Who knows, maybe when Kingston rolls out the new firmware for this drive we’ll do a quick write-up on how to use BitLocker on Windows 10 Pro as a follow-up to this review. If that is something you’d like to see be sure to leave a comment below.

Kingston UV500 SSD

The Kingston UV500 series is available capacities of 120GB, 480GB, 960GB and 1.92TB when talking about the 2.5-inch form factor. Our testing showed the UV500 480GB drive having solid performance and it happens to have the lowest price per GB of storage space. Not bad for an SED SSD that is backed by a 5-year warranty and respectable endurance ratings. The UV500 480GB is rated at 200 TBW, so that works out to being around 109.6 GB of drive writes per day. If you write more data than that per day you can easily move up to the UV500 960GB drive with its 480 TBW rating that works out to be nearly 263 GB/day of drive writes.

At the end of the day, the UV500 series is something we’d recommend to consumers looking to be security conscious or for really any business user.
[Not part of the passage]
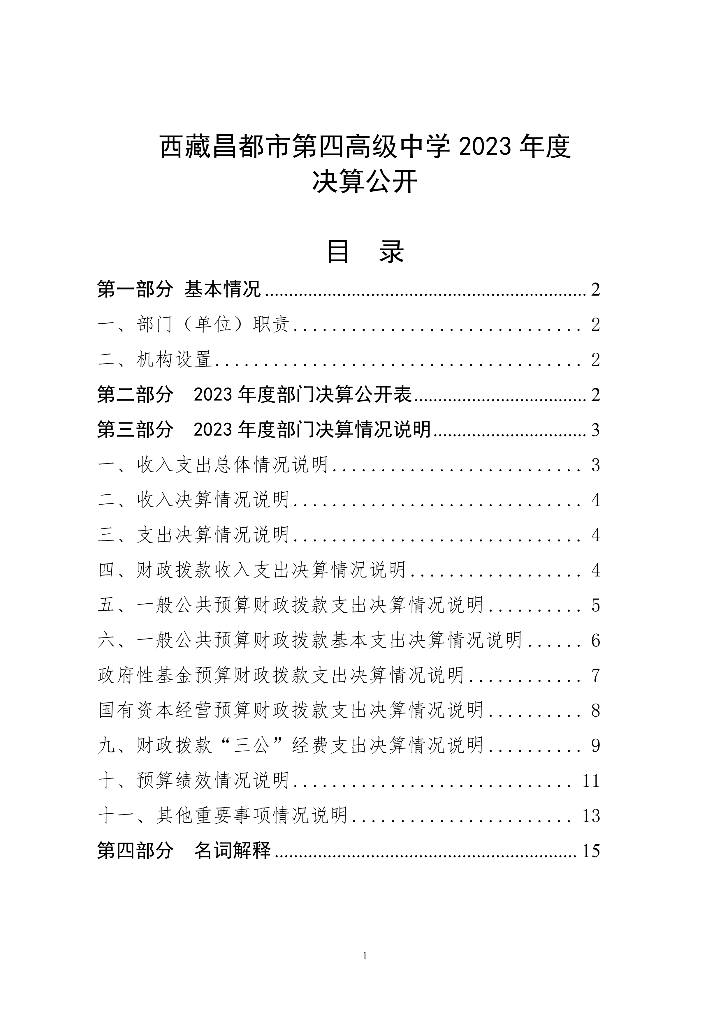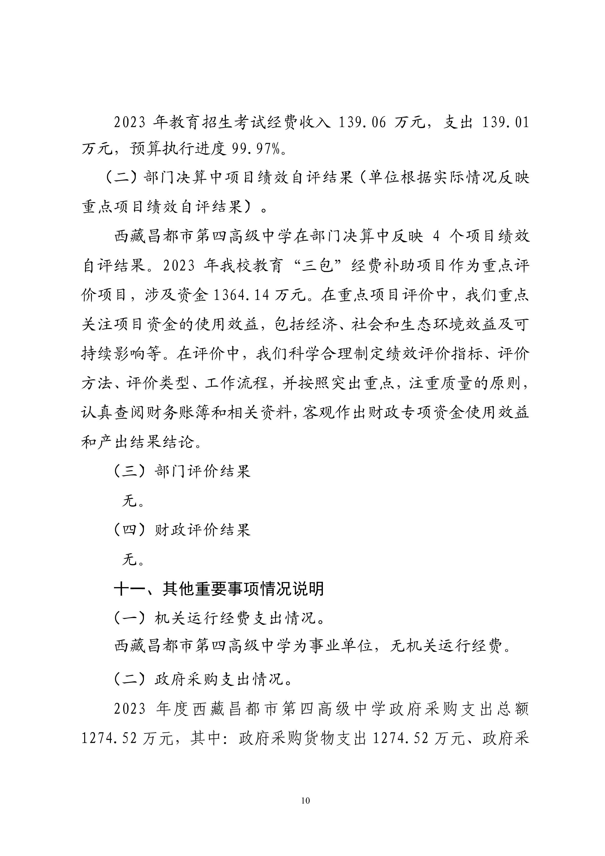 西藏昌都市第四高级中学2023年度决算公开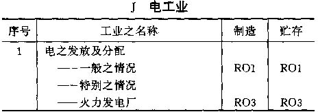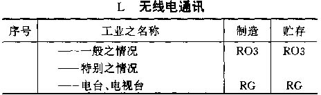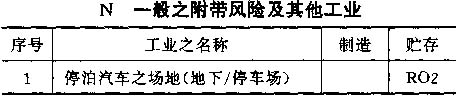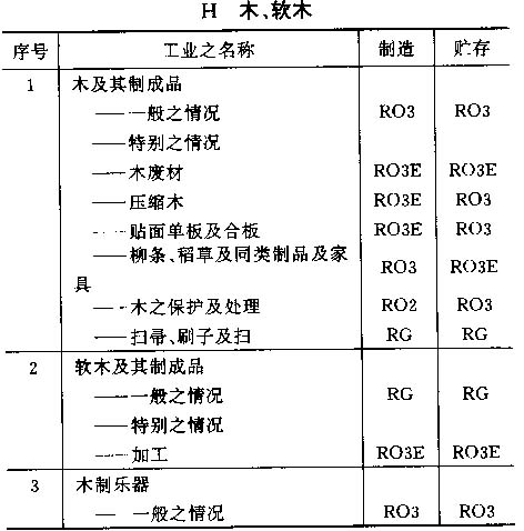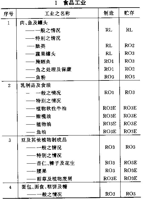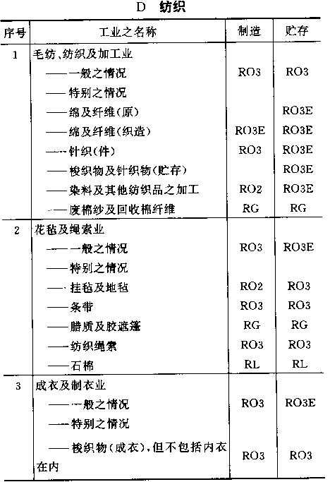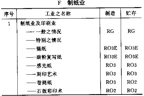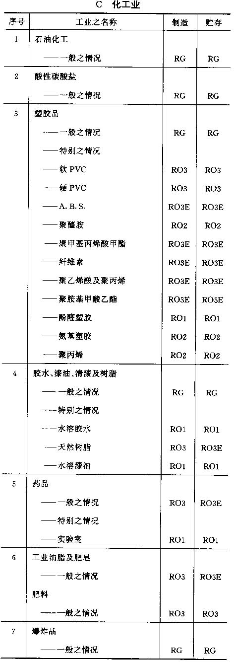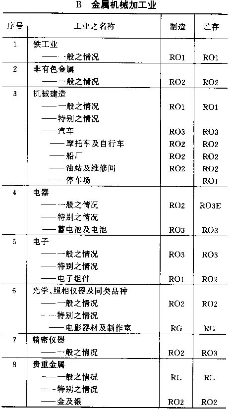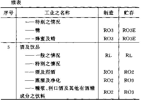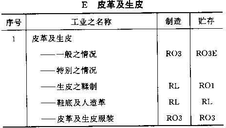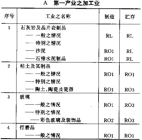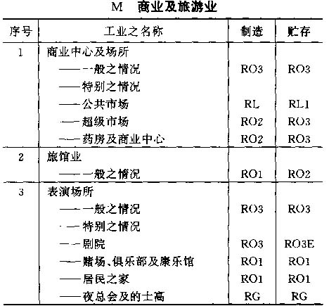 4.6 按以上标准对各工业之占用分类列于以下之各表内,并采用对每一风险程度之相应简称;按情况而定,该简称将注明在制造及贮存栏内。

Many businesses are looking to meet EU General Data Protection Regulation (GDPR) compliance to safeguard clients data and this drive will do the trick when properly secured. It should also be noted that enabling encryption on this drive is fast. The Kingston UV500 480GB drive for example can be locked down by WinMagic in just 15 seconds. It’s that quick since WinMagic recognizes the UV500 as a TCG Opal enabled SSD with built in Hardware encryption, so there is no need to enable its own software encryption to protect data. If you installed WinMagic and enabled software encryption on the Kingston UV400 480GB it would take about 2.5 hours to encrypt the drive with your PC with the CPU of the system doing the work. Doing the same to a 500GB 7200 RPM would take roughly 14 hours! Imagine a business that has dozens, hundreds or even thousands of systems to encrypt and the time savings here could be huge.

LR Recommended Award

Legit Bottom Line: The Kingston UV500 might look like another low-cost SATA III drive, but this drive is selfencrypting on the fly and just needs to have a lock enabled to protect your data!